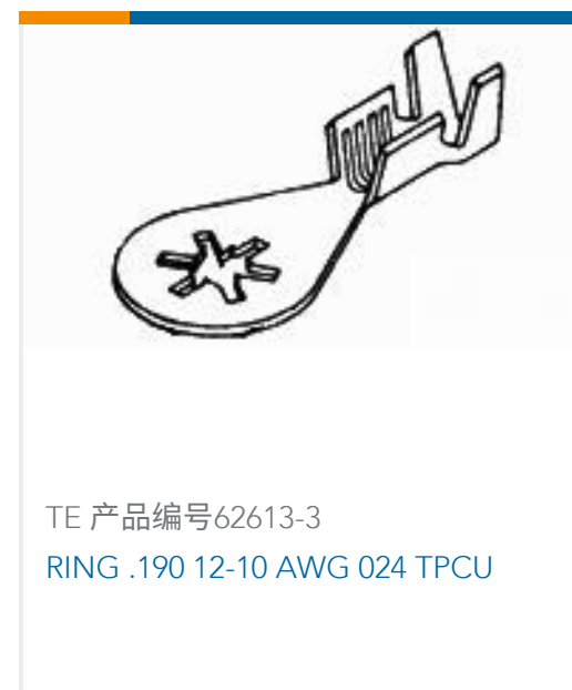
TE 产品编号62613-3 RING .190 12-10 AWG 024 TPCU
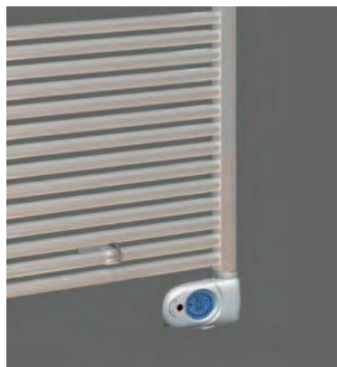
Elektrische digitale thermostaat DRL E-Comfort Claudia
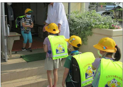
登校後の消毒や検温・健康チェックカード表等の提出
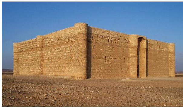
Qsar Kharana, Jordanie, VIIIe siècle

A la suite de ta recherche, que retiendras-tu du qsar Kharana ?
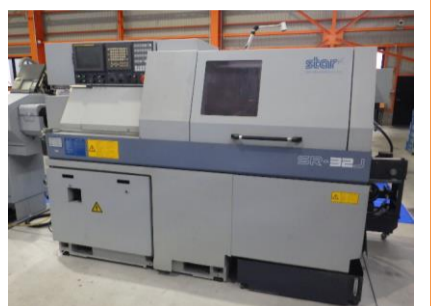
NC自動盤 スター精密 SR-32J 2011年製 FANUC18i-TB ローターガイドブッシュ 管理番号:H017821 置場:マシンプラザ本庄
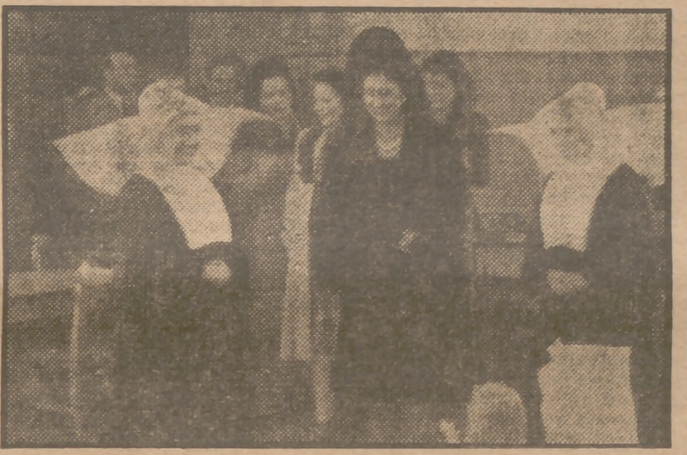
La esposa del Caudillo visita la Casa-Hogar de Nuestra Señora de la Victoria, donde la Diputación Provincial tiene acogidos doscientos niños pobres.

Congreso de Obras Sindicales en Barcelona. Concurso semanal de ganados en Valladolid. Continúa sus tareas el Congreso de las ciencias.
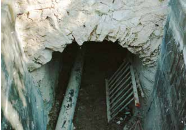
Sortida de la mina de la Trona. 1991
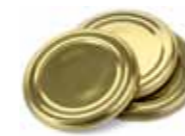
Lok og korker av metall
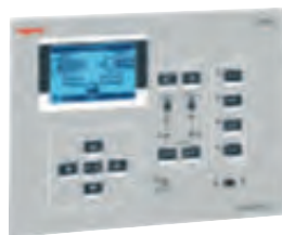
Boîtier d'automatisme réf. 4 226 83 (p. 370)
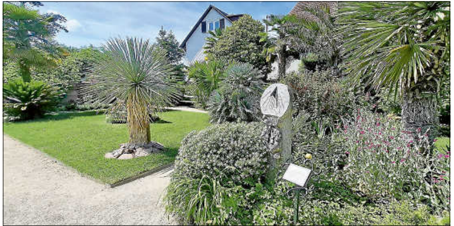
30 Jahre Arbeitskreis werden im Katz'schen Garten gefeiert.

Verschiedene Bildstationen informieren über die Entwicklung des Katz'schen Gartens von den Anfängen um 1800 bis in die heutige Zeit. Besonders dargestellt wird dabei der Zustand des Gartens bei der Übernahme durch den Arbeitskreis im Jahr 1996 sowie seine Entwicklung durch das langjährige Engagement

Directions: Note every line in the material with "schen" and copy it.

Result for this task:
30 Jahre Arbeitskreis werden im Katz'schen Garten gefeiert.
Verschiedene Bildstationen informieren über die Entwicklung des Katz'schen Gartens von den Anfängen um 1800 bis in die heutige Zeit. Besonders dargestellt wird dabei der Zustand des Gartens bei der Übernahme durch den Arbeitskreis im Jahr 1996 sowie seine Entwicklung durch das langjährige Engagement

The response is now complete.